> Task objective: Copy the listing below in full and skip every picture.

> Stored data:
------------------------------------

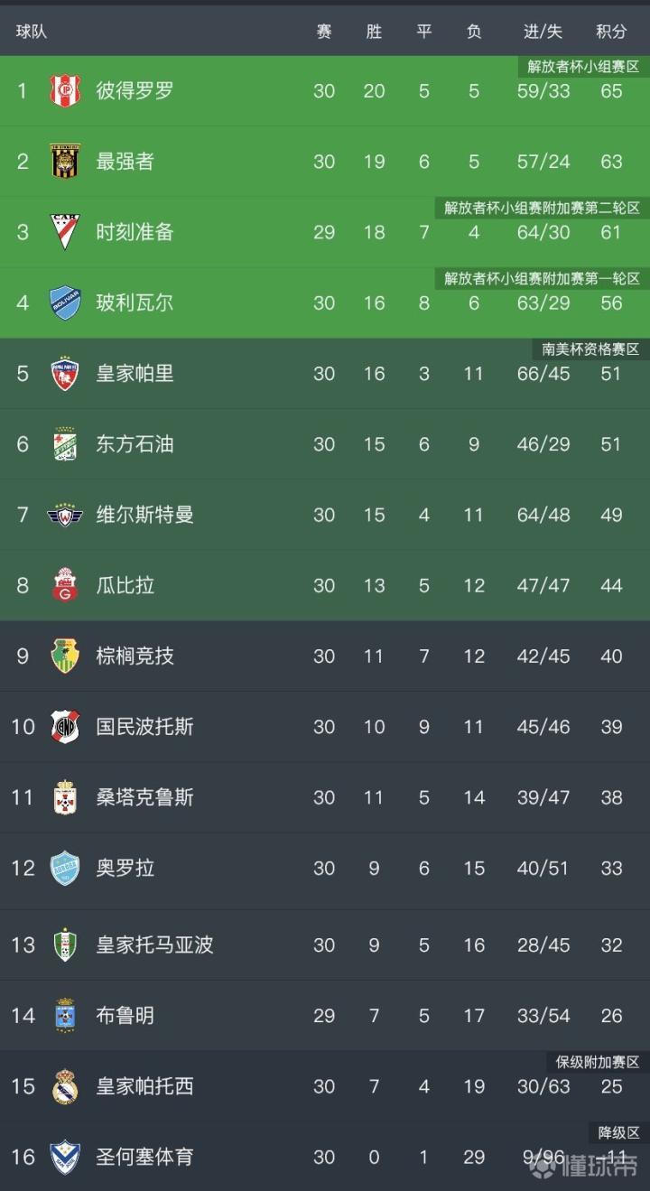 2021赛季玻利维亚足球甲级联赛落幕,升班马彼得罗罗上演凯泽斯劳滕奇迹,他们力压上赛季冠亚军获得队史第一个联赛冠军。 上赛季亚军最强者开局十分理想,卫冕冠军阿拉维准备则受到双线作战的影响,开局并不顺利。在解放者杯出局后,阿拉维准备开始发力,他们连赢9场与最强者并驾齐驱,而彼得罗罗在身后紧追不舍。随着最强者和阿拉维准备状态下滑,在最后一轮之前彼得罗罗已经杀到第二,距离榜首最强者只差1分。去年最强者就是因为收官战掉链子结果以1分之差屈居第二,但是他们今年显然没有吸取教训,最后一轮不敌圣克鲁斯,将冠军拱手让给赢球的彼得罗罗。连续两年最后掉链子送给对手队史首冠,在心态方面,最强者真的是最弱者啊。 值得一提的是,倒数第一圣何塞体育整赛季进9球狂丢96球,30轮就平了1场,输29场。而他们唯一一场平局,对手是皇马的弟弟皇家帕托西。 玻利甲夺冠排行榜,玻利瓦尔28冠排第1,威斯特曼15冠排第2,最强者13冠排第3。 玻利维亚还没有球队获得过解放者杯冠军。
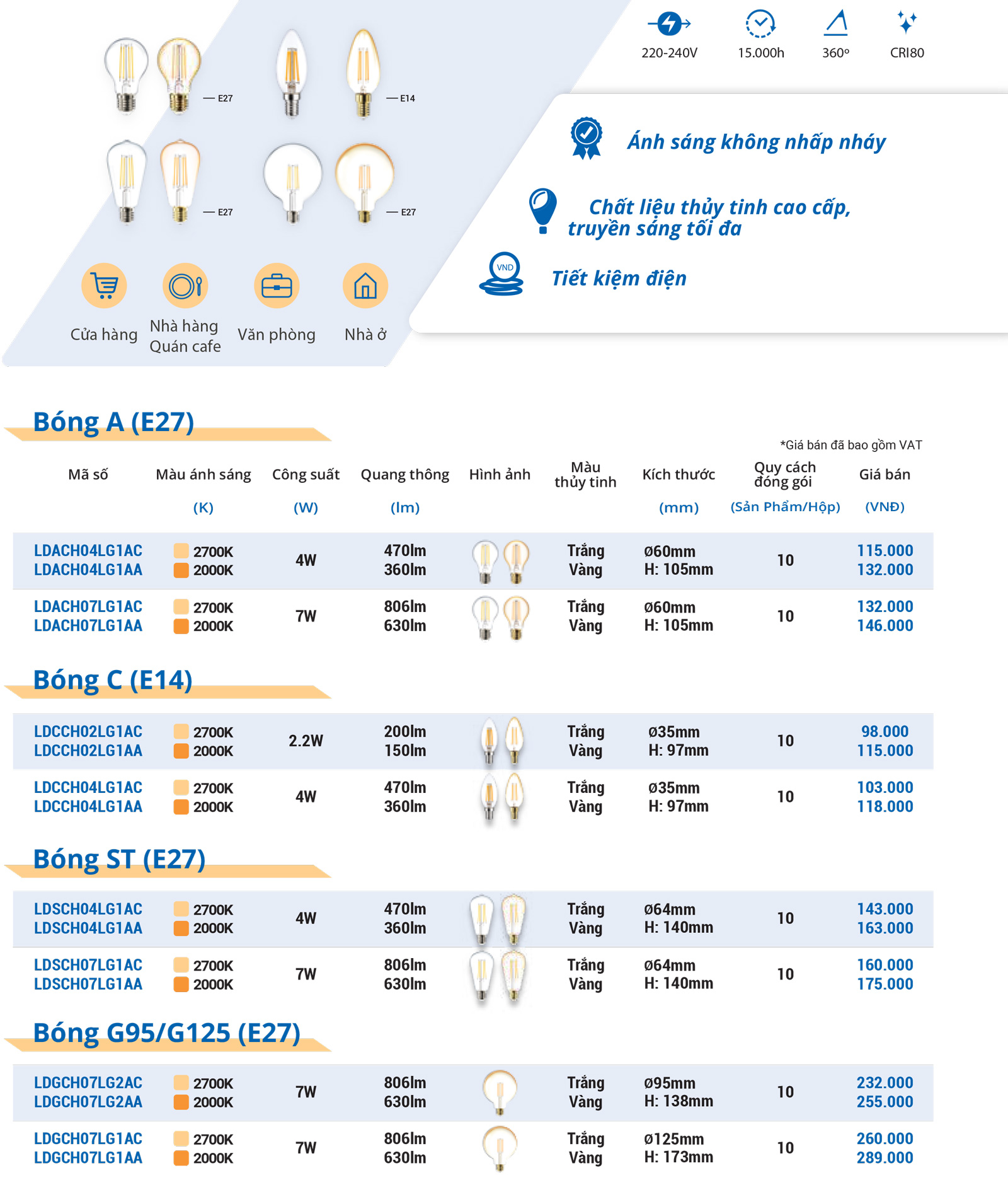 | Stt | Ảnh | Mẫu | Mã | Quang Thông | Kích Thước (ØxH) | Giá list (VND) |
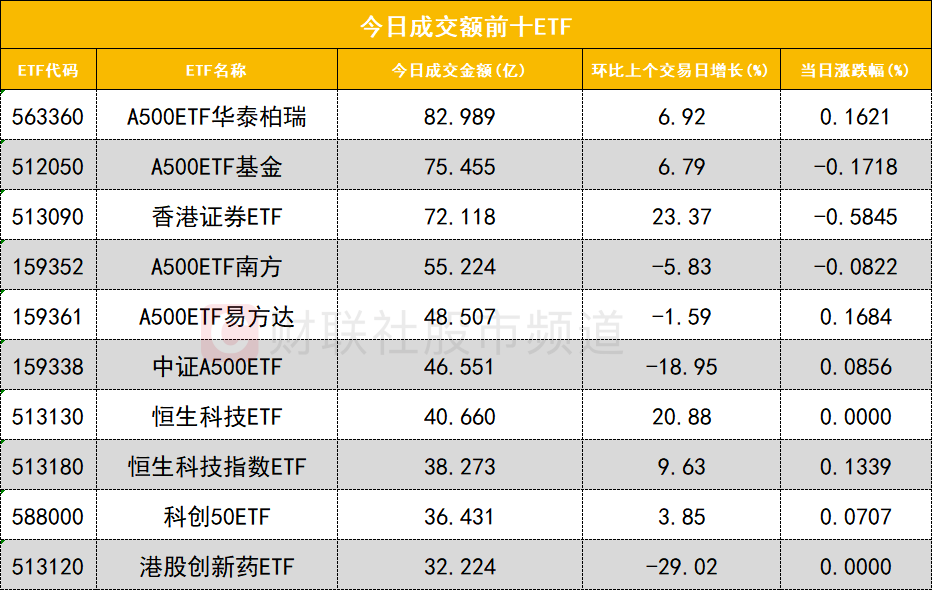 从成交额前十的ETF来看,A500ETF华泰柏瑞(563360)成交额位居首位,A500ETF基金(512050)成交额位居次席。
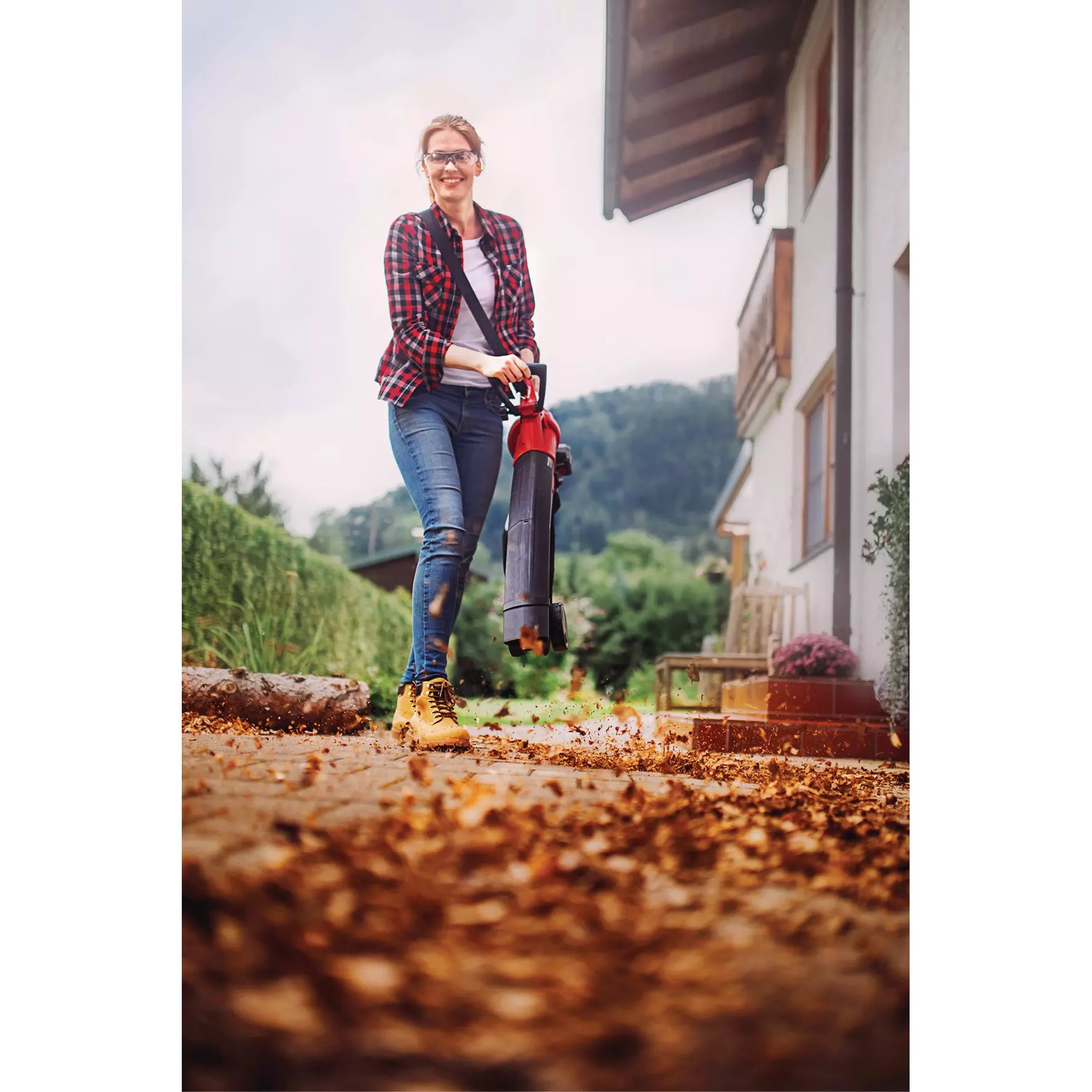Der Einhell Akku-Laubsauger GE-CL 36 Li E-Solo ist ein handlicher und leistungsstarker Laubsauger für den grenzenlosen Einsatz in Garten und Hof. Der griffige Laubsauger lässt sich überall dort einsetzen, wo er gebraucht wird. Bequem und ohne Werkzeug kann er von Saug- auf Blasfunktion umgestellt werden. Ein verstellbarer Zusatzhandgriff sorgt für einen festen Halt bei der Arbeit. Mittels der elektronischen Drehzahlregulierung kann die gewünschte Intensität der Saug- und Blasfunktion reguliert werden. Der Fangsack mit Sichtfenster ermöglicht auf einen Blick eine Füllstandskontrolle. Zudem verfügt der Akku-Laubbläser von Einhell über einen komfortablen Tragegurt, der das Gewicht auf den Körper verteilt und so Ermüdungserscheinungen bei der Arbeit vorbeugt. Durch die großen Räder kann der Akkubläser bei Arbeiten am Boden abgestellt und geschoben werden, der Hobbygärtner wird dadurch weiter entlastet. Die Lieferung erfolgt ohne Akku und ohne Ladegerät.

------------------------------------

> Answer to this problem:
 2021赛季玻利维亚足球甲级联赛落幕,升班马彼得罗罗上演凯泽斯劳滕奇迹,他们力压上赛季冠亚军获得队史第一个联赛冠军。 上赛季亚军最强者开局十分理想,卫冕冠军阿拉维准备则受到双线作战的影响,开局并不顺利。在解放者杯出局后,阿拉维准备开始发力,他们连赢9场与最强者并驾齐驱,而彼得罗罗在身后紧追不舍。随着最强者和阿拉维准备状态下滑,在最后一轮之前彼得罗罗已经杀到第二,距离榜首最强者只差1分。去年最强者就是因为收官战掉链子结果以1分之差屈居第二,但是他们今年显然没有吸取教训,最后一轮不敌圣克鲁斯,将冠军拱手让给赢球的彼得罗罗。连续两年最后掉链子送给对手队史首冠,在心态方面,最强者真的是最弱者啊。 值得一提的是,倒数第一圣何塞体育整赛季进9球狂丢96球,30轮就平了1场,输29场。而他们唯一一场平局,对手是皇马的弟弟皇家帕托西。 玻利甲夺冠排行榜,玻利瓦尔28冠排第1,威斯特曼15冠排第2,最强者13冠排第3。 玻利维亚还没有球队获得过解放者杯冠军。
 | Stt | Ảnh | Mẫu | Mã | Quang Thông | Kích Thước (ØxH) | Giá list (VND) |
 从成交额前十的ETF来看,A500ETF华泰柏瑞(563360)成交额位居首位,A500ETF基金(512050)成交额位居次席。
Der Einhell Akku-Laubsauger GE-CL 36 Li E-Solo ist ein handlicher und leistungsstarker Laubsauger für den grenzenlosen Einsatz in Garten und Hof. Der griffige Laubsauger lässt sich überall dort einsetzen, wo er gebraucht wird. Bequem und ohne Werkzeug kann er von Saug- auf Blasfunktion umgestellt werden. Ein verstellbarer Zusatzhandgriff sorgt für einen festen Halt bei der Arbeit. Mittels der elektronischen Drehzahlregulierung kann die gewünschte Intensität der Saug- und Blasfunktion reguliert werden. Der Fangsack mit Sichtfenster ermöglicht auf einen Blick eine Füllstandskontrolle. Zudem verfügt der Akku-Laubbläser von Einhell über einen komfortablen Tragegurt, der das Gewicht auf den Körper verteilt und so Ermüdungserscheinungen bei der Arbeit vorbeugt. Durch die großen Räder kann der Akkubläser bei Arbeiten am Boden abgestellt und geschoben werden, der Hobbygärtner wird dadurch weiter entlastet. Die Lieferung erfolgt ohne Akku und ohne Ladegerät.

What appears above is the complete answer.